Another little trick is to pass the variable by reference. That way you can manipulate the value:

public function callApi(string $endpoint):bool
{
    // some logic ...
}

public function getCurlInfo():array 
{
    // returns curl info about the last request
}

The above code has 2 public methods: callApi() that calls the API, and a second getCurlInfo()-method that provides information about the last request that's been done.

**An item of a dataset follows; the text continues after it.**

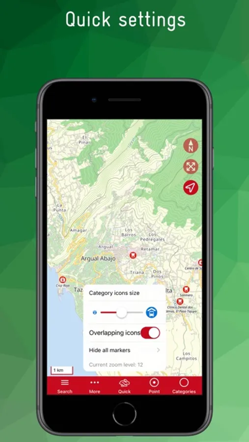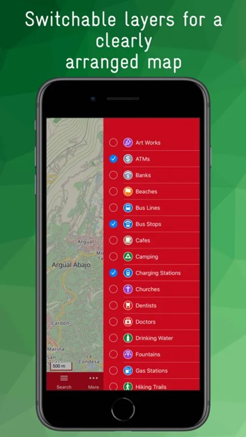 POIs are grouped into categories and can be displayed as layers. For example, you can display all restaurants, public transport lines, banks, hiking trails, charging stations and doctors on the map. The size and overlap of the icons can be adjusted to improve clarity.
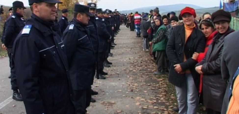 Dans un premier temps, les gens qui s’étaient réunis à Pungesti pour envoyer un message fort à Chevron et au gouvernement roumain, qui a tout fait pour imposer le projet de fracturation hydraulique de Chevron, ont fait tomber en l’arrachant la clôture entourant le terrain - où Chevron a commencé à ériger sa première plate-forme sur le territoire roumain de manière abusive et malgré la très forte opposition locale. Vingt personnes ont été arrêtées, d’autres blessées dans les échauffourées qui ont suivi ces arrestations, en particulier lors de tentatives de libération des personnes arrêtées sans ménagement : http://youtu.be/-Qnznd_5hiw

We can mock the output of getCurlInfo() according to the arguments provided / mocked for callApi() by passing a variable as reference:

$mockedHttpCode = 0;
$this->mockedApi
    ->method('callApi')
    ->will(
        // pass variable by reference:
        $this->returnCallback(function () use (&$mockedHttpCode) {
            $args = func_get_args();
            $maps = [
                ['endpoint/x', true, 200],
                ['endpoint/y', false, 404],
                ['endpoint/z', false, 403],
            ];
            foreach ($maps as $map) {
                if ($args == array_slice($map, 0, count($args))) {
                    // change variable:
                    $mockedHttpCode = $map[count($args) + 1];
                    return $map[count($args)];
                }
            }
            return [];
        })
    );

$this->mockedApi
    ->method('getCurlInfo')
    // pass variable by reference:
    ->willReturn(['http_code' => &$mockedHttpCode]);

If you look closely, the returnCallback()-logic actually does the same thing as returnValueMap(), only in our case we can add a 3rd argument: the expected response code from the server.